Jul 17, 2014 7:00 am

Skift Take

These demographic differences will likely become more pronounced as the Chinese traveler community grows, making them worth taking note of in the competitor for the high-spending guests.

— Samantha Shankman

Turnkey Analytics to Track Your Competitors

Jonathan Kos-Read  / Flickr

A Chinese woman walks down the street. Jonathan Kos-Read / Flickr


In 2013, 97 million Chinese tourists travelled abroad — less than 5 percent of the total population — making the demographic the top international spenders for the second year in a row.
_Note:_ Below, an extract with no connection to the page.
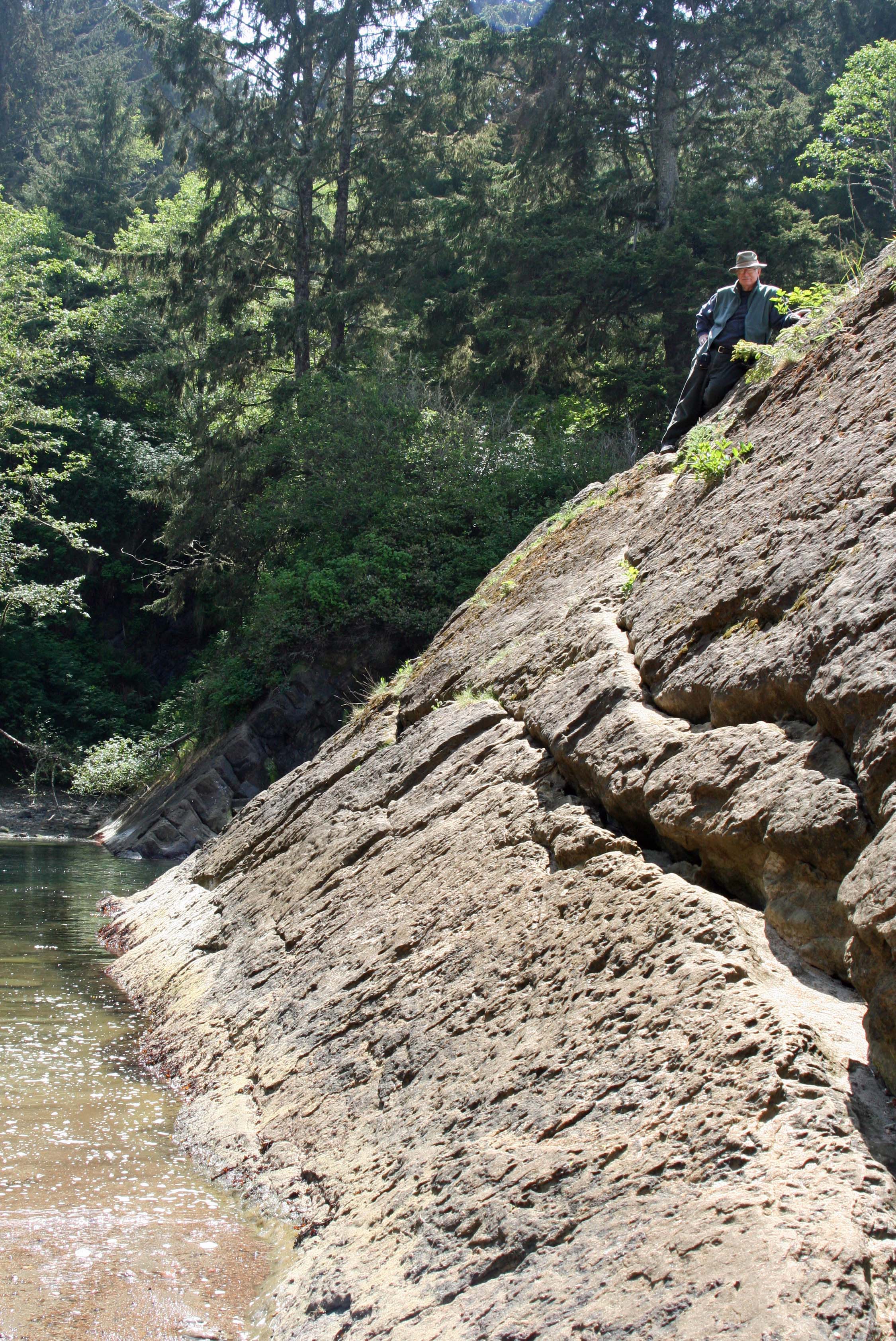 Peggy provided wifely advice and suggested this cliff might be more difficult to come down than go up… No problem. (Photo by Peggy Mekemson)

As the country’s outbound traveler population grows, it also slowly becomes more sophisticated.

For example, more Chinese travelers are researching and booking travel online as well as leaving tour groups for independent adventures.

Global hotel brands and independent hoteliers are already seeing the impact of this growth and hungry to attract and build a reputation among this customer group.

According to Hotels.com survey of more than 3,000 of the website’s hotel partners, more than half of respondents have seen an increase in Chinese guests and just over 10 percent say Chinese traveler now account for up to 10 percent of their business.

Hotels, overwhelmed by the opportunity presented by China’s growing outbound traveler population, can begin to focus their marketing efforts on a single gender.

The report outlines several statistics that all suggest Chinese women are traveling more frequently, more independent when making booking decisions, and spending the most.

On average, Chinese women spend $385 more than men during international trips.

Chinese women travel more frequently for leisure than men (4.86 trips abroad vs. 4.49 for men in the past five years) and are starting to take more trips (4.86 vs. 3.61 for 2013).

They are more likely to travel abroad to visit friends (27% v. 22% for men) and for vacation (90% vs. 85%), making them more likely to spend money on sightseeing, dining, and shopping that men (sightseeing 74% v. 72%, dining 67% v. 61% and shopping 60% v. 51%) who are more likely to travel for business and educational purposes.

Chinese women are also prime targets for hotels’ marketing campaigns as they are more likely than men to book independently (68% v. 65% for men) and more likely to take advantage of deals (33% v. 29%) and blogs (24% v. 20%) when making a holiday decision.